MECHANIZM PIERWSZY – TWOJA UWAGA CZYLI OBECNOŚĆ
Jeśli zakładamy sobie, że będziemy postępowali w określony sposób, ponieważ to jest dla nas korzystne (np. być miłym dla kogoś, być zdyscyplinowanym, systematycznym, pomocnym czy otwartym) to trzymamy się tego przez jakiś czas. Jaki? Taki kiedy świadomie to kontrolujemy. Potem kiedy zdejmujemy uwagę z tego to od razu uruchamiają się wypracowane nawyki reagowania, które przejmują kontrolę. Bycie świadomym to klucz do nie tworzenia sobie problemów, które wynikają głównie z nieświadomych sposobów reagowania, tworzonych latami. Jeśli będziesz nadal myślał, odczuwał, decydował za ich namową to będzie dalej to samo. Jeśli nie będziesz uważny to będziesz nieświadomy, a potem nie będziesz rozumiał dlaczego znów zrobiłeś to samo. Jak będziesz nieobecny to znów podniesiesz głos bo tego jesteś nauczony. Znów pomyśli Ci się w ten sam sposób i znów pod wpływem emocji zachowasz się jak zawsze. Najgorsze jest to, że za każdym takim razem utrwalasz nawyk. Przerwij go już dzisiaj i stawaj się obecny, uważny i świadomy tego co robisz, co się z Tobą dzieje.
PRZYKŁAD:
Chcesz zmienić nawyk odżywiania. Masz plan. Masz wszystko. Trzymasz się jeden dzień, dwa, tydzień. Potem jest rodzinny zjazd albo impreza ze znajomymi. Zerwałeś z dietą i poszedłeś na całość i to jest ok, gdybyś następnego dnia lub parę dni potem znów wrócił do tego co dla Ciebie ważne. Pamiętasz o tym co masz zrobić, ale jakoś tak dajesz sobie jeszcze dzień odpustu. Potem już budzisz się za tydzień lub miesiąc. Przestałeś pilnować planu. Nie chcesz mieć problemu ze sobą, ani innymi, ale jakoś tak wyszło, a prawda jest taka, że nie skupiasz się na tym co trzeba.

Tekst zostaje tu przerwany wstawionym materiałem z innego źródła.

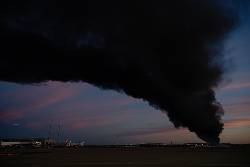 A video taken by Leirim Rodríguez shows several massive balls of flames exploding into the sky in a row, followed by large billowing clouds of black smoke.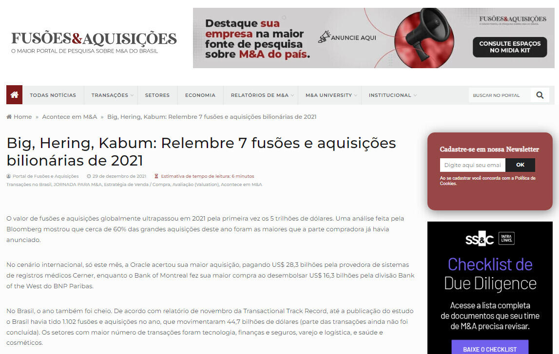 O valor de fusões e aquisições globalmente ultrapassou em 2021 pela primeira vez os 5 trilhões de dólares. Uma análise feita pela Bloomberg mostrou que cerca de 60% das grandes aquisições deste ano foram as maiores que a parte compradora já havia anunciado.

MECHANIZM DRUGI – NAWYKI CZYLI WEWNĘTRZNY AUTOPILOT
Kiedy tylko tracisz uwagę organizm musi zadbać o samego siebie i nie może liczyć na to, że Ty to zrobisz, tym bardziej przy Twojej nieobecności. Wyobraź sobie co by było, gdyby organizm był zdany tylko na Ciebie, Twoje decyzje i to co zrobisz. Pewnie domyślasz się do jakiej katastrofy byś doprowadził. Podejrzewam, że nie przeżył byś nawet jednego dnia gdybyś odpowiadał za wszelkie czynności fizjologiczne. Odruchy, nawyki, działania zautomatyzowane to jest coś co naprawdę zapewnia nam przetrwanie i to one mają pierwszeństwo w naszej codzienności. My to tylko pogłębiamy stając się coraz bardziej nieświadomymi konsumpcjonistami mediów, produktów, ruchów politycznych. Zasypiamy na własne życzenie, a kontrolę przejmują automatyczne odpowiedzi, myślenie i decydowanie. Życie w obecności umożliwia dostrzeganie tego co się z nami dzieje, ale to jest równoznaczne z jakimś rodzajem odpowiedzialności, a także lękiem, który za tą odpowiedzialnością idzie.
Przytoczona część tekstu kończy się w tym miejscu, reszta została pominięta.